After seeing Caesar close-up in Gaul for eight years, Labienus knew how his commander operated. He knew that the real power in Caesar’s Rome would go to military men and private advisors, not to senators and public officials. To be sure, the consulship that Caesar offered him was important, but a consulship in Caesar’s Rome was not what it once was. Caesar’s success in Gaul owed much more to Labienus than Caesar was willing to admit. If Caesar became first man in Rome, how long would he want Labienus around as a reminder? No wonder Labienus chose Pompey, especially if there is anything to the report that Labienus began to insist that Caesar treat him as an equal, which Caesar wouldn’t do. Labienus fought against Caesar until the last, dying on the battlefield at Munda in March 45 B.C.
The conspirators might have considered Labienus’s fate and concluded that bad things happened to men who were once close to Caesar.
We don’t know the order in which the other conspirators were recruited. It is likely though that Gaius Trebonius, who was Caesar’s longtime lieutenant, was an early convert. Not only was he immensely important, but he had already thought of killing Caesar.

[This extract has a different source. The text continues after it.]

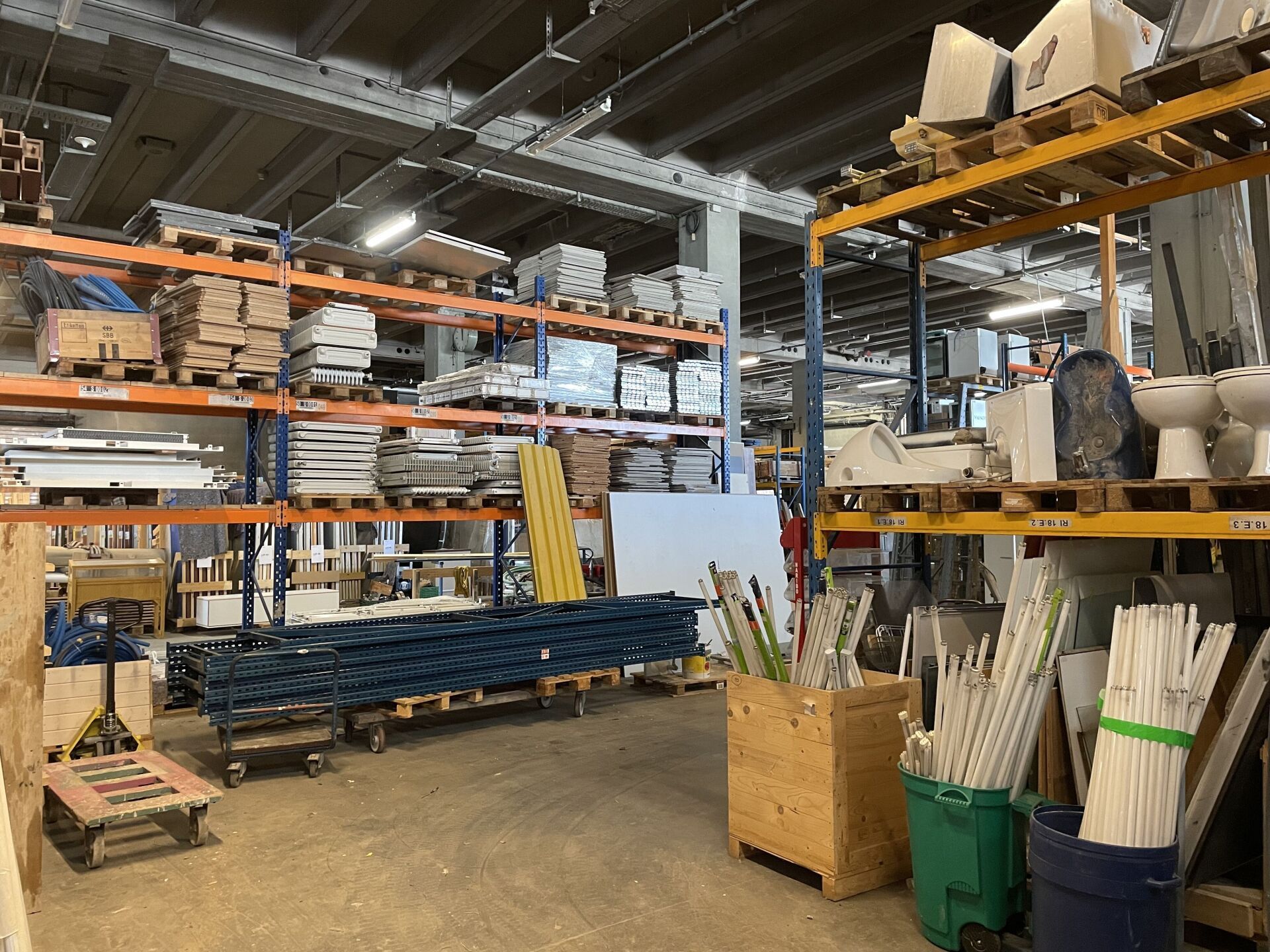 Der zweite Schwerpunkt ist die Lagerung, oft «Magazin» genannt, was irreführend ist, da es sich nicht um ein Geschäft im klassischen Sinne handelt. Lagerung ist eine zwangsläufige physische Folge vom Abbauen der Materialien und muss gut koordiniert werden. Ohne Abbau keine Re-Use-Materialien, ohne Kompetenz keine Qualität im Lager – beides ist untrennbar miteinander verbunden.

He was the only ex-consul in the conspiracy.
Trebonius was born around 90 B.C., making him about forty-six in 44 B.C. A key commander in Gaul and the Civil War, Trebonius had also done yeoman labor for Caesar as urban praetor in Rome in 48 B.C. and governor of Nearer Hispania in 46 B.C. Caesar rewarded Trebonius by naming him suffect (substitute) consul in 45 B.C. and choosing him as governor of the province of Asia (western Turkey) for 43 B.C. Yet perhaps Caesar insulted Trebonius when he appointed a one-day replacement for Trebonius’s consular colleague, who died in office on December 31, 45 B.C. It suggested how little Caesar thought of the so-called high honor bestowed on Trebonius.

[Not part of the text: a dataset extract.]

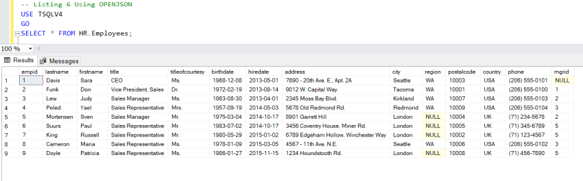 In order to represent the JSON data as the complete relational table, we started within Listing 2, we must specify the column names and data types we are converting to. We achieve this using the code in Listing 5. By comparing the output we get with the output when we query the HR.Employees table directly, we see that we are getting exactly the same data (See Fig. 6 and 7).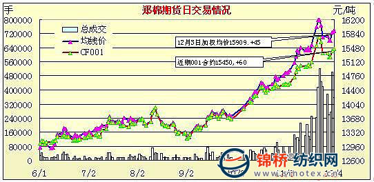 12月4日,鄭棉CF1005合約小幅低開,早盤下探測試前一日午后調(diào)整低點后反抽,盤中測試16000一線回落盤整,午后多頭大量平倉打壓期價下滑創(chuàng)日低,隨后反彈形成橫向整理,日線形成陰線星,主要合約成交量較前一日萎縮,持倉量下降。CF1001合約日成交1874手,日減倉224手,終盤持倉量19876手;CF1005合約日成交338294手,日減倉16292手,終盤持倉量190514手。基本面情況:受新疆棉運輸困難影響,大部分紡織企業(yè)預(yù)定的新疆棉很難運到內(nèi)地,致使紡織企業(yè)采購積極性較強,加之大部分棉花企業(yè)囤棉惜售,市場仍顯僵持,成交價格穩(wěn)中有所回漲,現(xiàn)貨成交價在14700-15000元/噸不等。雖然競拍價格相比現(xiàn)貨價格較低,但加上運費及其他費用和現(xiàn)貨價格差不多。因此,部分紡織企業(yè)仍愿意選擇現(xiàn)貨。籽棉價格受棉籽價格回漲及收購無量影響,價格有所回升。

A great soldier under Caesar, Trebonius had a political career of his own before Gaul when he was quaestor in 60 B.C. and People’s Tribune in 55 B.C. In the latter capacity, he proposed the law that gave Pompey and Crassus five-year special commands. Trebonius was also close to Cicero. The two exchanged letters and Trebonius helped the orator on his return from exile to Italy in 57 B.C. Cicero called Trebonius’s father “an ardent patriot,” which suggests that the father supported the Best Men. Trebonius was literate, charming, and very ambitious. He once wrote a poem based on a statement of Cicero, for example, and sent it to the orator as “a little gift.” So Trebonius kept in touch with the Republic’s greatest defender.
In short, Trebonius was no mere Caesarian loyalist—he knew how to think for himself. After the Ides, Cicero said that the Republic owed Trebonius a debt of thanks for preferring the liberty of the Roman People to the friendship of one man, and for choosing to drive away despotism rather than to share in it. Indeed, no one who had the friendship of Caesar would throw it away lightly.
It seems that Trebonius already decided to kill the dictator before Caesar returned from Hispania in 45 B.C. At least that is what Cicero claimed in a speech after the Ides of March. Trebonius was the man who, said Cicero, approached Mark Antony in Narbo (modern Narbonne, France) in summer 45 B.C. to recruit him for a plot against Caesar. Nothing came of it at the time but when the plot began gelling in February and March 44 B.C., Trebonius joined it. Afterward he expressed pride in his role in the events of the Ides and the hope that Rome would, at last, enjoy liberty in peace and quiet.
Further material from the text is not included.